Aus diesem Grund stehen am 02.02 alleine in Berlin etwa 180 Klimaaktivsti, die meisten davon Studierende, mitten in der Nacht am Streikposten und sprechen mit Busfahrer*innen über ihren Arbeitsalltag, und warum wir gemeinsam kämpfen sollten. Was die Beschäftigten fast alle eint, ist der Eindruck, seit Jahren verarscht zu werden. Manche sind seit 30 Jahren dabei, kurz vor der Rente und blicken auf ein Arbeitsleben voller Niederlagen und schmerzhafter Einschnitte zurück: Arbeitszeitverdichtungen, Reallohnverluste, Defensivkampf um Defensivkampf. Einige wirken resigniert und sind wenig auskunftsbereit. Andere verbinden die fehlenden Investitionen mit vermeintlich faulen Bürgergeldempfänger*innen und Geflüchteten. 
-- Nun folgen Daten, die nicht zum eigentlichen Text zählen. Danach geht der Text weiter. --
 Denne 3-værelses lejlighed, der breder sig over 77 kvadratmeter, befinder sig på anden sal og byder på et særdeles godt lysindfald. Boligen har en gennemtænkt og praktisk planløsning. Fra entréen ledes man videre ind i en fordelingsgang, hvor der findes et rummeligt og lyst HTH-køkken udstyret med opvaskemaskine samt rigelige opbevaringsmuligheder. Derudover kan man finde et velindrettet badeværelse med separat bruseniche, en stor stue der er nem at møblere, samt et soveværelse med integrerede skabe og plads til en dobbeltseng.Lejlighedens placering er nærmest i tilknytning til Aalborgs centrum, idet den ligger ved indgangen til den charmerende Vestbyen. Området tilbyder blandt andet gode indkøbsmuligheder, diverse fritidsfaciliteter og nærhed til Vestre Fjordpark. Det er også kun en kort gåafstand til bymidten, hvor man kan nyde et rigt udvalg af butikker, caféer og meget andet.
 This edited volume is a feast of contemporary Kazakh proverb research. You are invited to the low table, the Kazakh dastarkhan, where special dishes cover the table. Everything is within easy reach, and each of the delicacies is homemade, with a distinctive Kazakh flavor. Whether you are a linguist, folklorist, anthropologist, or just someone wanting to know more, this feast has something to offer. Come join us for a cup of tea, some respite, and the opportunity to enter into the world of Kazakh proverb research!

Klima-turn beim Arbeitskampf

Es ist wahrlich kein einfaches Feld und doch gibt es Lichtblicke. Die meisten Beschäftigten sprechen nach anfänglichem Misstrauen offen mit uns über ihre alltäglichen Sorgen, den Stress auf der Arbeit und was sich dringend verbessern müsste. Einige zeigen am Ende dieser Gespräche Interesse am gemeinsamen Klimastreik am 01.03 . Es kommt an diesem Tag häufiger vor, dass die Kolleg*innen von sich aus nochmal das Gespräch suchen. Wir tauschen Nummern aus, treffen Verabredungen und brüllen gemeinsam: »Heute ist kein Arbeitstag! Heute ist Streiktag!«  

Der Eindruck des ersten Streiktag verfestigte sich an folgenden Streiktagen: Der Weg zum politischen Streik für grünes Gemeinwohl ist steinig und weit. Die Klasse ist in weiten Teilen demobilisiert, der Gewerkschaftsapparat arbeitet schleppend und keine Massen begaben sich auf die Straße. Dennoch hat in den vergangenen Monaten ein relevanter Teil der Klimabewegung eine klare klassenpolitische Ausrichtung entwickelt. Studis sind aus ihrer linksliberalen Wohlfühlbubble ausgebrochen und haben einen leibhaftigen Eindruck vom Stand der Klassenkämpfe in Deutschland gewonnen. Zahlreiche Beschäftigte haben sich politisiert und meinen es verdammt Ernst damit, ihre Gewerkschaft neu aufzubauen und kampfbereit zu machen. Dieser Kampf hat gerade erst begonnen. Wenn wir gewinnen wollen, müssen wir durchhalten. Es lohnt sich!  

Jonas Schwarz studiert in Berlin Philosophie und setzte seinen Arbeitsschwerpunkt zuletzt auf den Aufbau einer bundesweiten wfz-Hochschulvernetzung.